Uitspraak
RECHTBANK DEN HAAG
uitspraak van de enkelvoudige kamer in de zaken tussen
[Naam 1], eiser, en
[Naam 3], [Naam 4]en
[Naam 5],
Rechtbank Den Haag
In deze zaak heeft de Rechtbank Den Haag uitspraak gedaan over de asielaanvragen van een groep burgers uit Timor Leste, die hun aanvragen tot het verlenen van een verblijfsvergunning asiel voor bepaalde tijd als ongegrond hebben afgewezen. De eisers, die in Nederland asiel hebben aangevraagd, stellen dat zij vanwege negatieve belangstelling van westelijke milities in hun thuisland zijn gevlucht. De rechtbank heeft de zaak behandeld op 27 augustus 2021, waarbij de eisers werden bijgestaan door hun gemachtigde en een tolk. De rechtbank heeft vastgesteld dat de eisers onvoldoende bewijs hebben geleverd voor hun claims van vervolging en dat de door hen aangevoerde traumatische ervaringen niet aannemelijk zijn gemaakt.

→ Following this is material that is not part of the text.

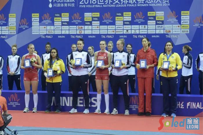 隨后,現場舉行了隆重而簡短的頒獎儀式。至此,2018世界女排聯賽總決賽圓滿收官,美國全勝折桂,黑馬土耳其拼下亞軍,中國斬獲季軍,巴西名列第4,塞爾維亞和荷蘭分獲第5和第6。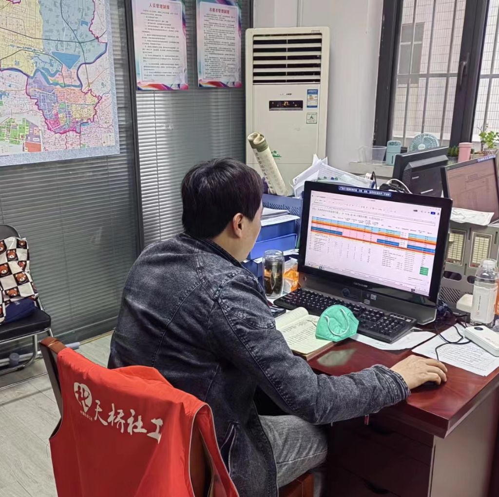 因疫情防控需要,天桥东街社工站外派社工协助街道“追阳专班”开展流调工作,日夜兼程,一天十五个小时的坚守,抢时间拼速度,只为及时阻断疫情传播风险。一边紧盯着电脑屏幕上传来的各种数据、信息和指令,一边不停和社区通电话,是追阳专班的常态;第一时间接收采样信息,第一时间排查落位,第一时间上门管控,不落下任何一人,不延误任何一刻,是追阳专班的职责。疾控中心每推送一条混阳信息,就立即组织值班人员对现场管控,安排医护上门核酸采样,样本送检,快速处置混管阳性人员的“追阳”工作。除做好本辖区的“追阳”工作外,协助街道积极对“追阳”工作繁重的兄弟街道伸出援手,携值班医护深入任务社区开展“追阳”工作。

De rechtbank oordeelt dat de eisers niet hebben aangetoond dat hun psychische klachten hen belemmerden in hun verklaringen over hun asielmotieven. De rechtbank heeft ook geoordeeld dat de eisers niet binnen zes maanden na de traumatische gebeurtenissen hun land van herkomst hebben verlaten, wat een voorwaarde is voor het verkrijgen van asiel op basis van artikel 29 van de Vreemdelingenwet. De rechtbank heeft de stelling van de eisers dat zij gevaar lopen bij terugkeer naar Oost-Timor niet geloofwaardig geacht, en heeft geconcludeerd dat de aanvragen om asiel terecht zijn afgewezen.
De uitspraak is gedaan door mr. J.F.I. Sinack en is openbaar gemaakt op 18 oktober 2021. Tegen deze uitspraak kan binnen vier weken hoger beroep worden ingesteld bij de Afdeling bestuursrechtspraak van de Raad van State. De rechtbank heeft geen aanleiding gezien voor een proceskostenveroordeling.